Second Convolutional Layer
W_conv2 = weight_variable([1, 2, 80, 160])
b_conv2 = bias_variable([160])
Here the first two numbers still correspond to the dimensions of the input. The second two numbers correspond to the amount of features and the weighted network that results from the 80 previous features. In this case, we double the weighted network. 80x2=160. The bias_variable then takes the final number in the weight_variable. If you were to finish the code at this point, the last number in the weight_variable would be a 1 in order to prevent dimensional errors due to the shape of the input tensor and the output tensor. But, instead, for better predictions, let's add a third convolutional layer.
Third Convolutional Layer
W_conv3 = weight_variable([1, 2, 160, 1])
b_conv3 = bias_variable([1])
Once again, the first two numbers in the weight_variable take the shape of the input.

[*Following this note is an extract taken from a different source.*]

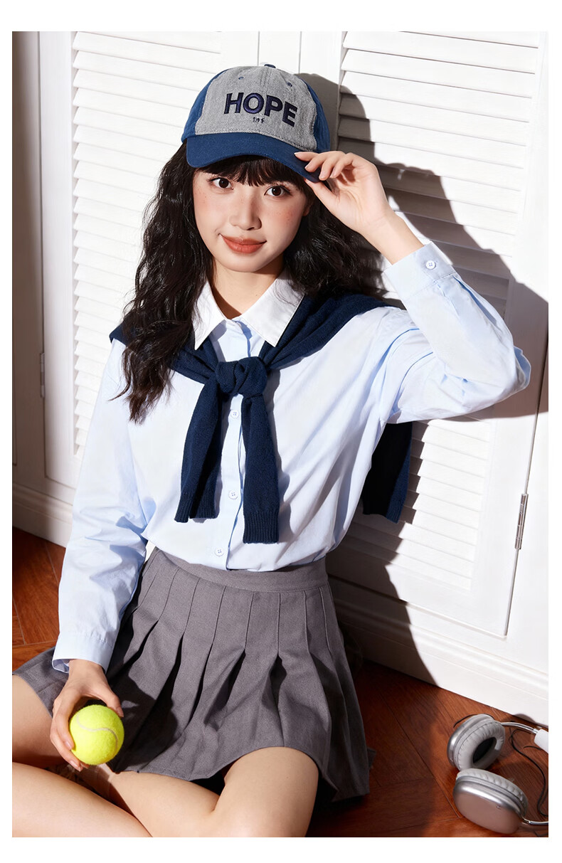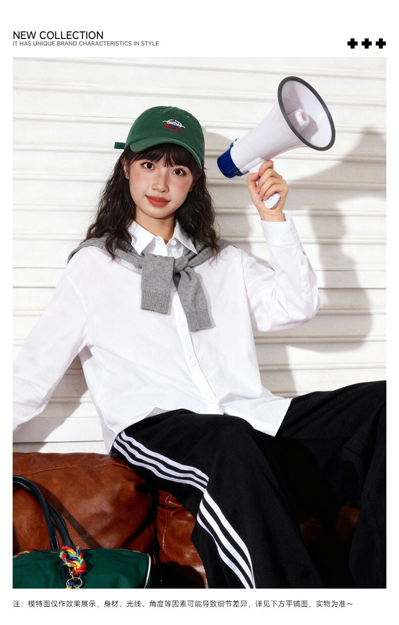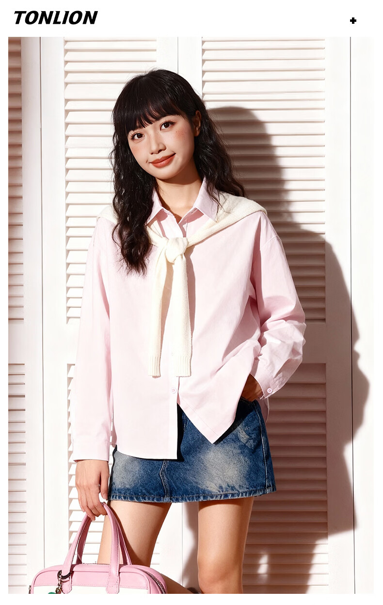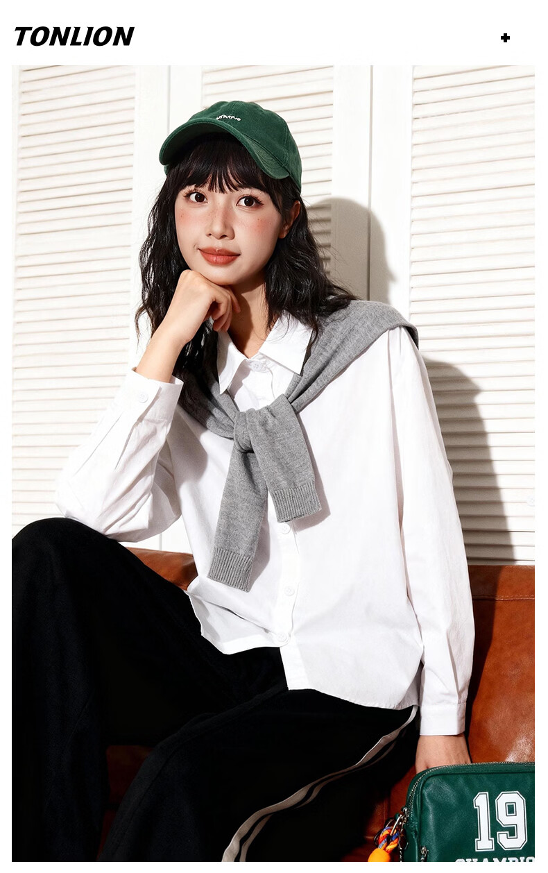 TonLion pure cotton long-sleeved shirt women's spring and autumn new trendy shawl contrasting color design loose slimming tops for women

The third number corresponds to the amount of the weighted variables we established in the Second Convolutional Layer. The last number in the weight_variable now becomes 1 so we don't run into any dimension errors on the output that we are predicting. In this case, the output has the dimensions of 1, 2.
W_fc2 = weight_variable([80, 1024])
b_fc2 = bias_variable([1024])
Here, the number of neurons is 1024 which is completely arbitrary, but the first number in the weight_variable needs to be something that the dimensions of our feature matrix needs to be divisible by. In this case it can be any number (such as 2, 4, 10, 20, 40, 80). Once again, the bias_variable takes the last number in the weight_variable.

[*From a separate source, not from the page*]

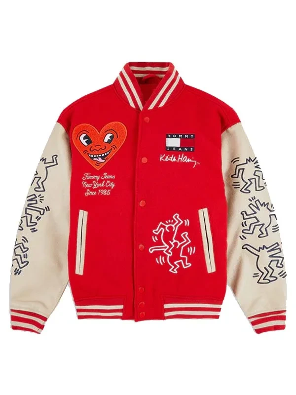 Mens Keith Haring Varsity White and Red Jacket

At this point, make sure that the last number in h_pool3_flat = tf.reshape(h_pool3, [-1, 80]) corresponds to the first number in the W_fc2 weight_variable.
Now when you run your training program you will notice that the outcome varies and won't always guess all 1's or all 0's.
When you want to predict the probabilities, you have to feed x to the softmax variable-> y_conv=tf.nn.softmax(tf.matmul(h_fc2_drop, W_fc3) + b_fc3) like so-
ans = sess.run(y_conv, feed_dict={x: x_test_actual, keep_prob: 1.0})
You can alter the keep_prob variable, but keeping it at a 1.0 always produces the best results. Now, if you print out ans you'll have something that looks like this-
[[ 0.90855026 0.09144982]
[ 0.93020624 0.06979381]
[ 0.98385173 0.0161483 ]
[ 0.93948185 0.06051811]
[ 0.90705943 0.09294061]
[ 0.95702559 0.04297439]
[ 0.95543593 0.04456403]
[ 0.95944828 0.0405517 ]
[ 0.99154049 0.00845954]
[ 0.84375167 0.1562483 ]
[ 0.98449463 0.01550537]
[ 0.97772813 0.02227189]
[ 0.98341942 0.01658053]
[ 0.93026513 0.06973486]
[ 0.93376994 0.06623009]
[ 0.98026556 0.01973441]
[ 0.93210858 0.06789146]
Notice how the probabilities vary. Your training is now working properly.